I started this post back in February and I never published it. It has been sitting in my 'Blog Drafts' for over a month. A lot can happen in a month. This was a post I made when my dad was still alive. He had been on hospice since last November with heart failure. I debated on whether or not to post this out here because it's rather personal. However, perhaps it may help someone who may end up going through the same situation. ~Annie
This crazy life...sometimes it has me 'UP' and sometimes it has me really down. The past three months have been a roller coaster. On a personal level, a family member has been really sick. It's been life changing for everyone close to me and has me questioning my strength daily. Although I know it is a moment in time that will eventually pass, it has been a challenge. God has been there through it all and there are days that I know it is only because of Him that I am able to get up and keep moving forward.
The few things that bring me joy in this challenging time has been my faith, my family and creating. When I'm in my little studio and I'm dyeing yarn, or painting watercolors, knitting socks or weaving, I'm able to escape just for a little while and meditate. Finishing a project gives me a second chance, a refresher to come back and keep moving. I have found that the changes that have occurred over the past two years of my life have been very difficult to overcome. I have to admit that I am not a person who handles big changes very well. I need an adjustment period to cope. And the bigger the life change, the bigger the adjustment period.
That's part of why I created Little Dixie Fiber. It's my creative outlet, and reason to keep focused on staying in the habit of learning new skills, using my hands to make things. If I get buried in this thing called life, and I find my center shifting, I have an excuse to stop, breathe and make something because of my little shop on the web.
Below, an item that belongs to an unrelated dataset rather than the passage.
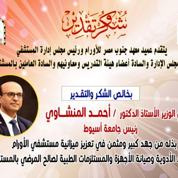 شكر وتقدير من السيد الاستاذ الدكتور / خالد محمد فارس القائم بعمل عميد المعهد والسادة أعضاء هيئة التدريس ومعاونيهم والعاملين للسيد الأستاذ الدكتور رئيس جامعة أسيوط لتعزيز…

There is something very satisfying with sharing the things I make by hand with people who may not know me personally, but appreciate the work that is involved which each item. Whether it is a skein of yarn, a hand sewn project bag, a felted soap, a painting or photograph, each one of those items has my mark on it, my thoughts and emotions are tied to each piece. Whatever is heavy or light on my mind while I've been creating is what I poured into that object and it's design. Hopefully, that makes me a better artist and crafter.
My daddy is sick. When I was growing up, he was a skilled craftsman in whatever he put his mind into. Photography, woodworking, taxidermy, he created beautiful things. He has always been a lifelong learner, pushing my brothers and sisters to discover new things that make us tick. Right now he is struggling for his life on a daily basis. I hurt for him when I see him in pain, and some days there is no hope left in his eyes. That is the hardest part. Not knowing if he will be able to do the things he could do before. At first, he and we didn't want him to go, but as time has progressed and his body has begun to shut down, I think he is realizing that it will soon be time for him to go be with our mom in heaven. It's becoming increasingly difficult to watch his body start to fail him.
My family and I believe in our Father in heaven and His Son. We believe that there is a paradise awaiting our dad somewhere far beyond this place where his soul will be set free. Free of pain and the worries of this world. So why do we have this grief in our lives? Why does it feel like I carry around this great heaviness in my heart? I believe that this heartache is not for our dad once he transitions, for he will be forever changed and finally at peace and filled with joy. I think the grief is for those of us left behind here. For us, time is real and we have to continue on without our parents. Grief is something that my family has been in since we lost our mom just over a year ago. We have never fully gotten out of the grieving process before we found ourselves thrust into it again. We are doing our best to cherish the moments with our dad while we still have him here, to take care of him and support him. The past year has been challenging to say the least. But the silver lining is that when you believe in God through your worst times, He will bring something good out of it.
I know that I have the utmost respect now for my 6 siblings, and we have all grown closer than ever through this. My parents have been instrumental in doing that, bringing us all back together.
I know that my faith has grown exponentially through all of this. God has performed miracles for my family in these past few months to allow us this extra time with our daddy.
Im sure that He will reveal more to us as time goes on.
That's all I have for now.
I have always admired my dad's hands since I was a little girl. My sister took this photo for me. I will always cherish it.